Dataset entries:
== Segment start ==

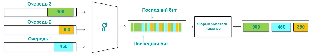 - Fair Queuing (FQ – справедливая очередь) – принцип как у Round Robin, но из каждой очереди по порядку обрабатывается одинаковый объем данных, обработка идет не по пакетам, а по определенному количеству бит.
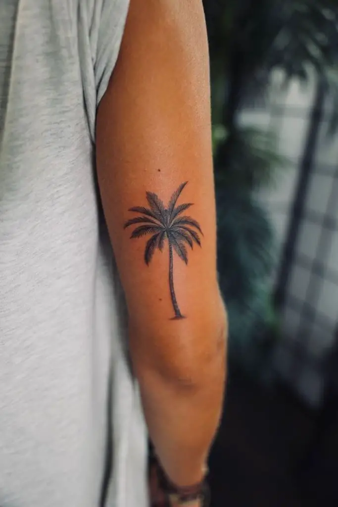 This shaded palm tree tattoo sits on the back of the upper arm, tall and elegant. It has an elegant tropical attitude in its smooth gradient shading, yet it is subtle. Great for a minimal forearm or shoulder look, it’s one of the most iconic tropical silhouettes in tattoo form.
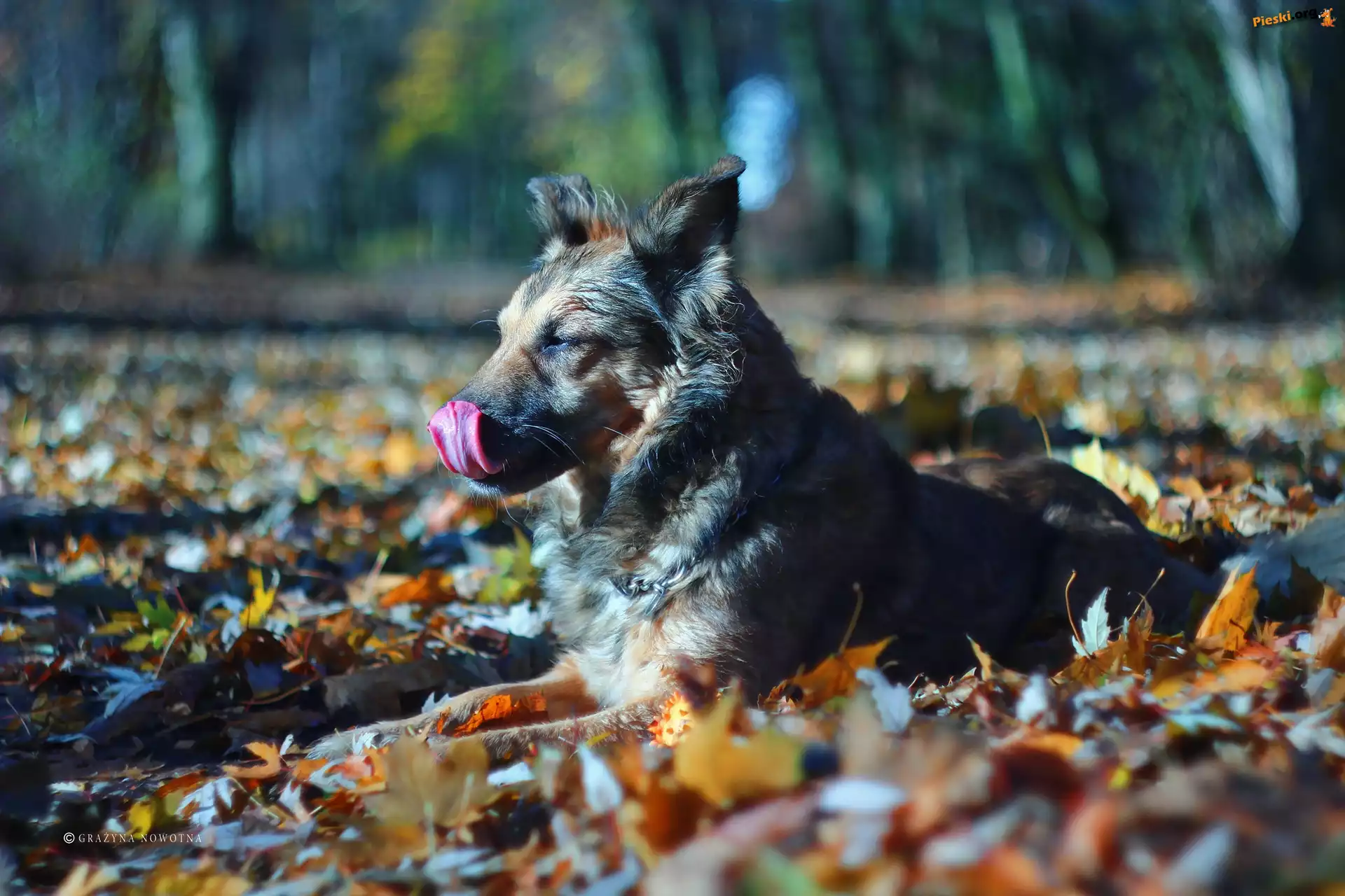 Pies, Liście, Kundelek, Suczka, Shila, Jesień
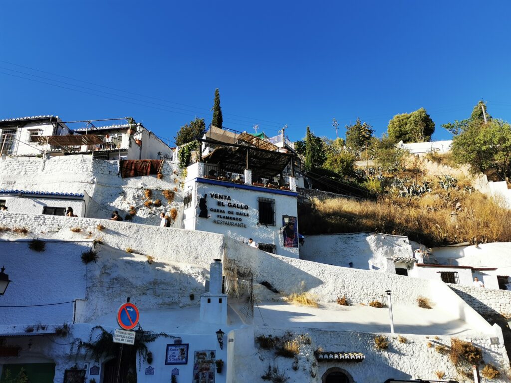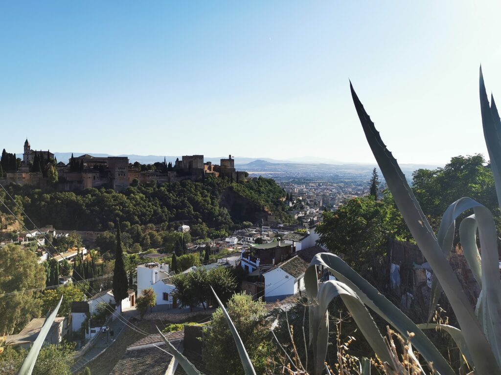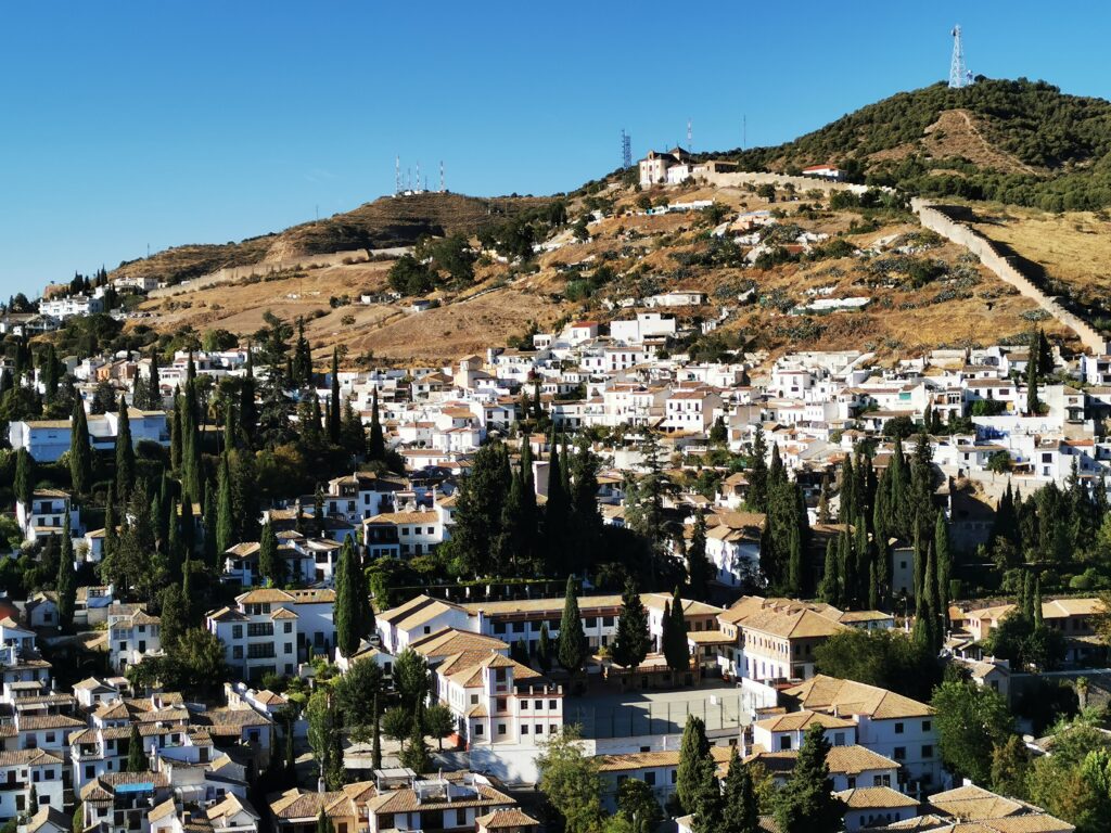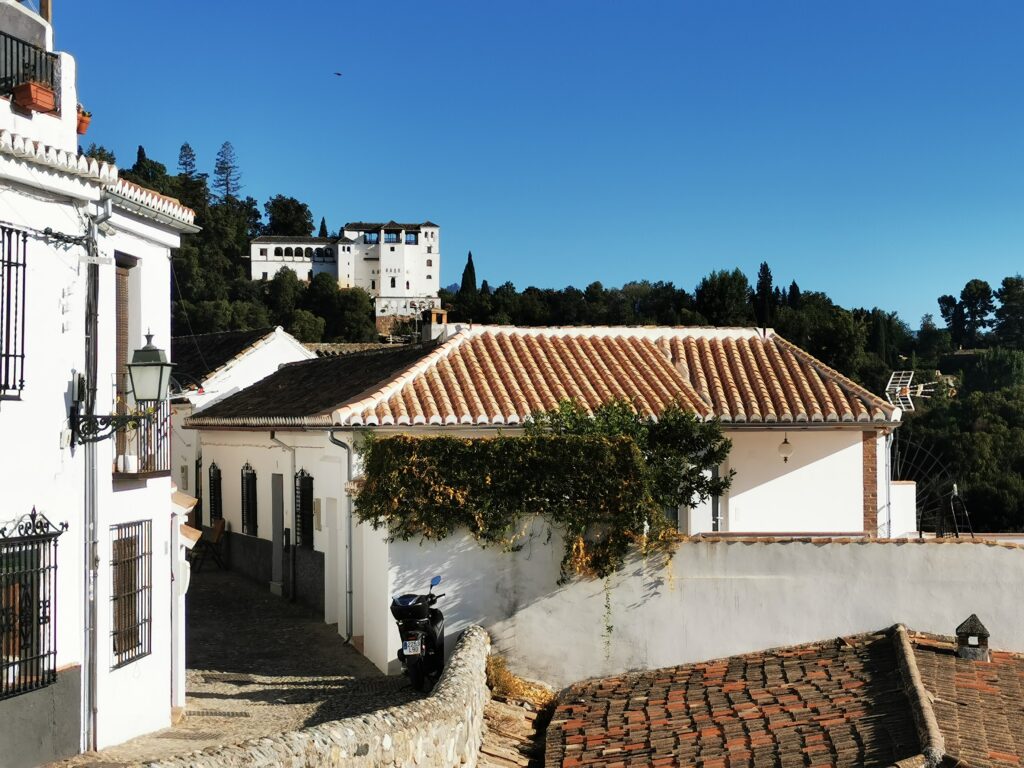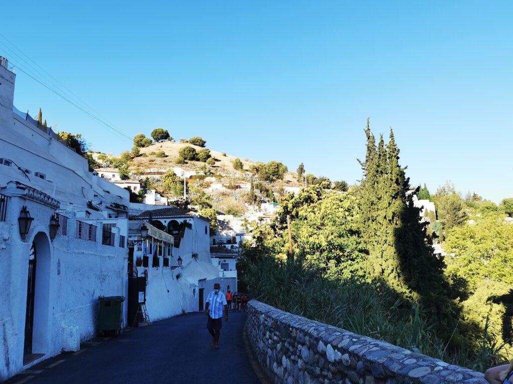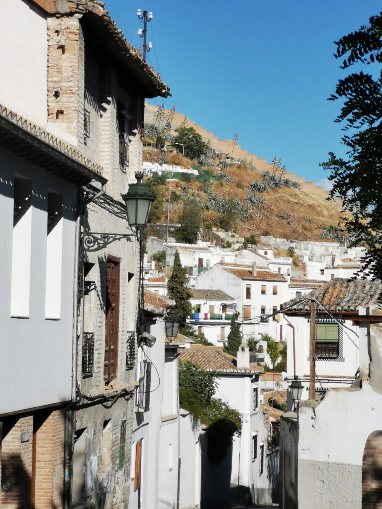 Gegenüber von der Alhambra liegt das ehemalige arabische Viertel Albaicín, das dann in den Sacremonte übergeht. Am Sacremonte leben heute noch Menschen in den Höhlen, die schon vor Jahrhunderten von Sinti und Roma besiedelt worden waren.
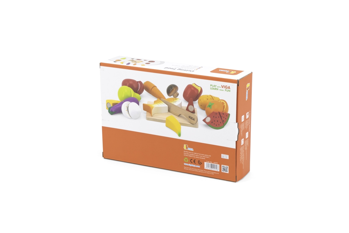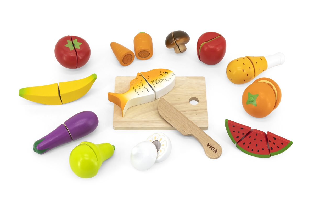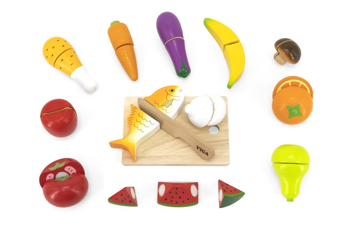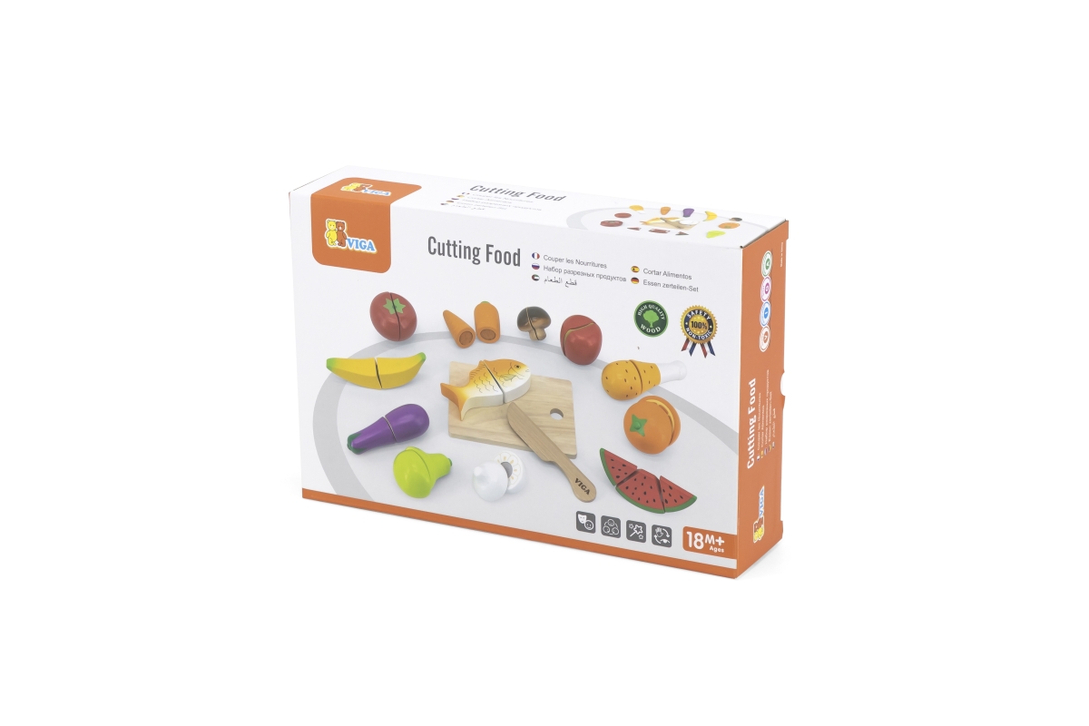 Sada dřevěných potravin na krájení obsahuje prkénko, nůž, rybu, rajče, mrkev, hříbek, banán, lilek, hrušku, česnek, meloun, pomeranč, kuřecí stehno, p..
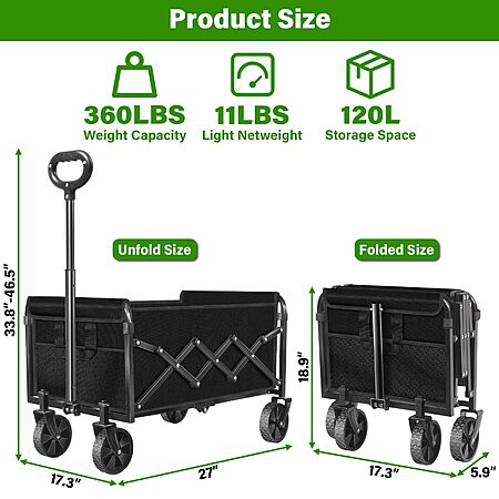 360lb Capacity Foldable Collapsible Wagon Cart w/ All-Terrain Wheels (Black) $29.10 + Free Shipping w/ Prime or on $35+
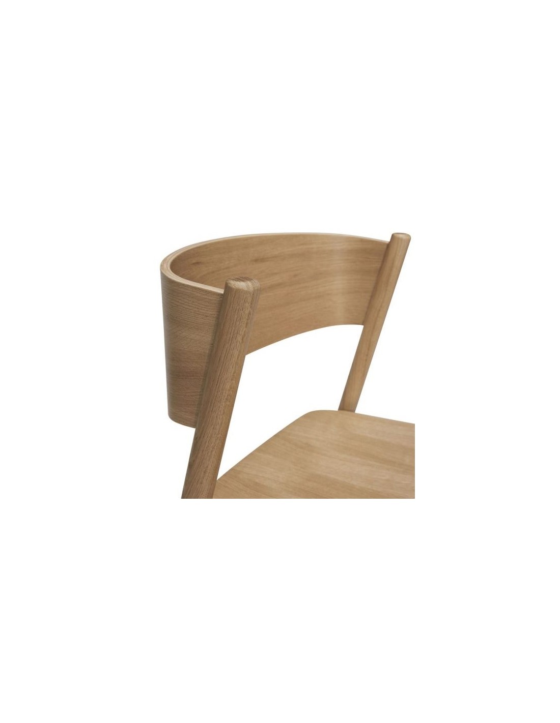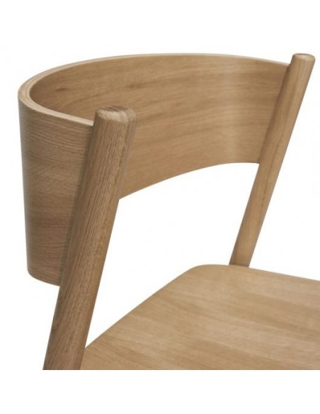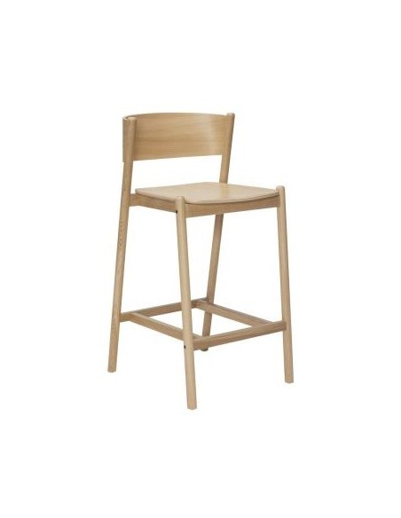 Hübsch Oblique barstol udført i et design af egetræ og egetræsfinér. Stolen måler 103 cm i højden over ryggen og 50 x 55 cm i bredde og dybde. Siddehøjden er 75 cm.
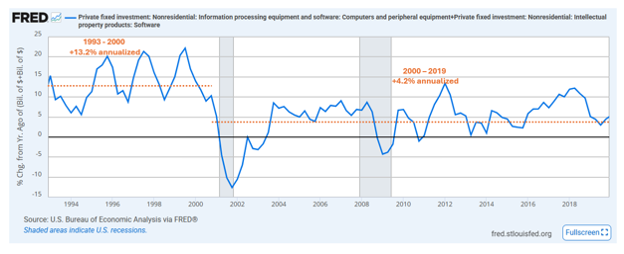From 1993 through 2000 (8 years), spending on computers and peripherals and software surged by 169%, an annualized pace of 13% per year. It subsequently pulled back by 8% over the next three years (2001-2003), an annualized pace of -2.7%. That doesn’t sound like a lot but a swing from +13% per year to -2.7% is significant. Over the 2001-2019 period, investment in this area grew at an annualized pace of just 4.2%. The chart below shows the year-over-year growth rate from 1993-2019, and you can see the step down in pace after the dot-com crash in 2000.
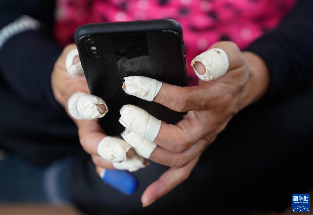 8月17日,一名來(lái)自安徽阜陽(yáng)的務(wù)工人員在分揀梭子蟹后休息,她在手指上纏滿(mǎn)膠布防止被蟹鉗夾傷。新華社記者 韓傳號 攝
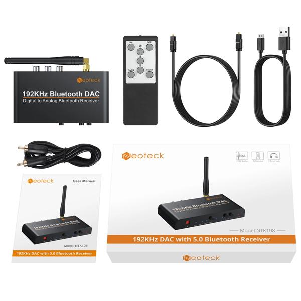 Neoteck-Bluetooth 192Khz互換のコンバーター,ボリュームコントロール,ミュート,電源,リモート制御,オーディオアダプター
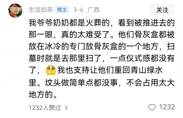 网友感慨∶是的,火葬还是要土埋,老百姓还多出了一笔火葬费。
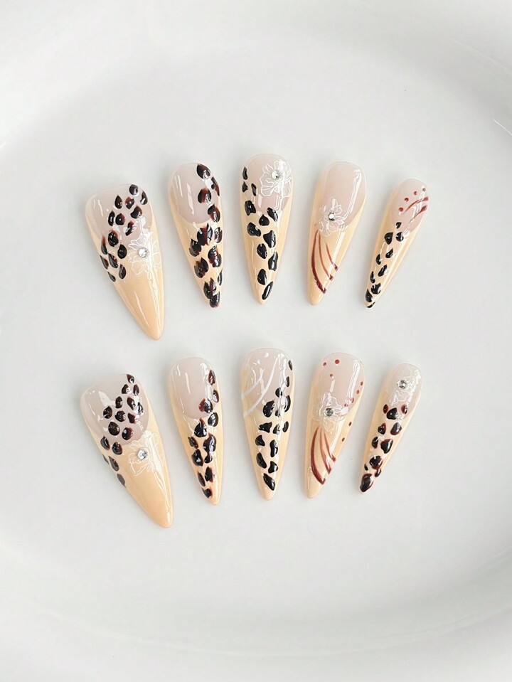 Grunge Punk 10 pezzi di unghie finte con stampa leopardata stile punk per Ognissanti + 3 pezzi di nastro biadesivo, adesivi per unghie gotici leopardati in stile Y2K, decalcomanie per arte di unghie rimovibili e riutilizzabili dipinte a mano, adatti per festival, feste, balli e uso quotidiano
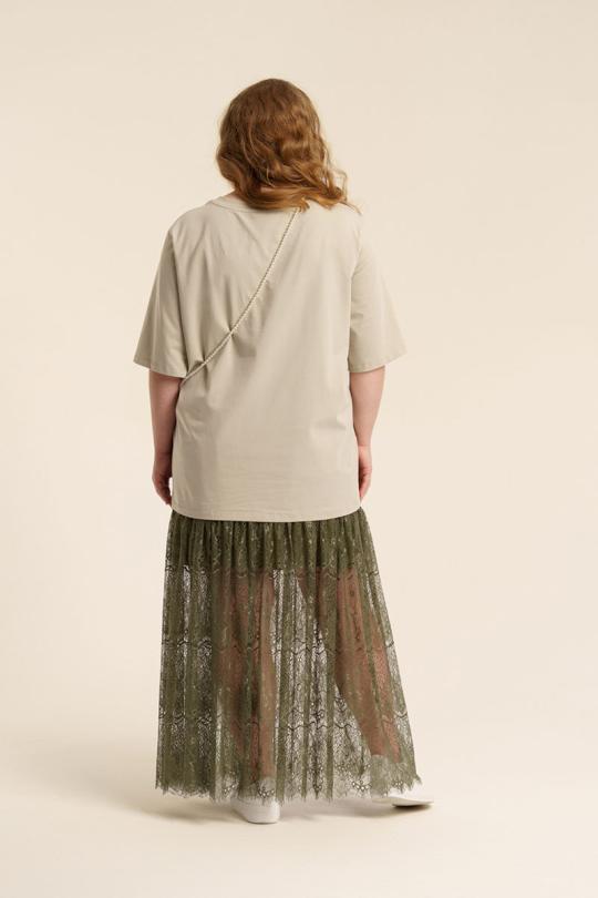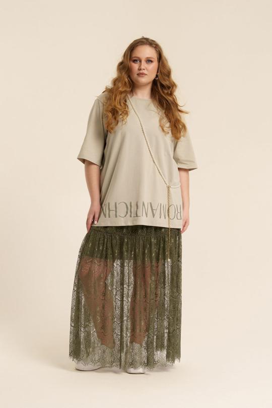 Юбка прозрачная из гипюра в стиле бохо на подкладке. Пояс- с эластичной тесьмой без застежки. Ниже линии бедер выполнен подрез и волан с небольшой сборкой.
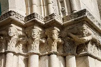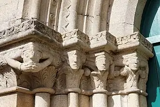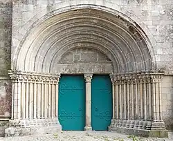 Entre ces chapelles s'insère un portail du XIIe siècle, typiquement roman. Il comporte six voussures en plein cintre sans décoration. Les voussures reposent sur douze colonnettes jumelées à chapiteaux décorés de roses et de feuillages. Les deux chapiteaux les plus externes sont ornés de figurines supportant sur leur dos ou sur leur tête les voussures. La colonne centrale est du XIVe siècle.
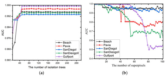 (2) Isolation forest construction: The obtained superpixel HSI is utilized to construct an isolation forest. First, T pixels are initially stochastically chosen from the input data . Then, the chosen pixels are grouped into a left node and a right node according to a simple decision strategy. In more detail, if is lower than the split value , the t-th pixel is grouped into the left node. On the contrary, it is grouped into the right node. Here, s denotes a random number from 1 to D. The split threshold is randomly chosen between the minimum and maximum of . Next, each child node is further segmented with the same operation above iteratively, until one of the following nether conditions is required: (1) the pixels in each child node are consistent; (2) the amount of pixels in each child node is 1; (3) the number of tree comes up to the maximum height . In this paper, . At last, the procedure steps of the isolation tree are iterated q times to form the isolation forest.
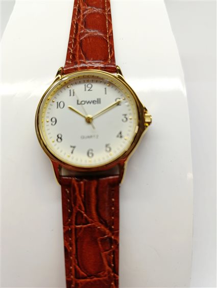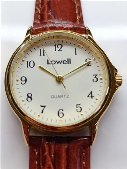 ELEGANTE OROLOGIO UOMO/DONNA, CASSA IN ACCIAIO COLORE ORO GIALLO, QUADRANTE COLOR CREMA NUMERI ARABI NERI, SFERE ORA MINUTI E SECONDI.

== Segment end ==

= WHAT TO WORK ON =
Where the line with "Entre ces chapelles" appears, begin there and transcribe exactly through the last line of the data, leaving all pictures aside.

= RESULT =
 Entre ces chapelles s'insère un portail du XIIe siècle, typiquement roman. Il comporte six voussures en plein cintre sans décoration. Les voussures reposent sur douze colonnettes jumelées à chapiteaux décorés de roses et de feuillages. Les deux chapiteaux les plus externes sont ornés de figurines supportant sur leur dos ou sur leur tête les voussures. La colonne centrale est du XIVe siècle.
 (2) Isolation forest construction: The obtained superpixel HSI is utilized to construct an isolation forest. First, T pixels are initially stochastically chosen from the input data . Then, the chosen pixels are grouped into a left node and a right node according to a simple decision strategy. In more detail, if is lower than the split value , the t-th pixel is grouped into the left node. On the contrary, it is grouped into the right node. Here, s denotes a random number from 1 to D. The split threshold is randomly chosen between the minimum and maximum of . Next, each child node is further segmented with the same operation above iteratively, until one of the following nether conditions is required: (1) the pixels in each child node are consistent; (2) the amount of pixels in each child node is 1; (3) the number of tree comes up to the maximum height . In this paper, . At last, the procedure steps of the isolation tree are iterated q times to form the isolation forest.
 ELEGANTE OROLOGIO UOMO/DONNA, CASSA IN ACCIAIO COLORE ORO GIALLO, QUADRANTE COLOR CREMA NUMERI ARABI NERI, SFERE ORA MINUTI E SECONDI.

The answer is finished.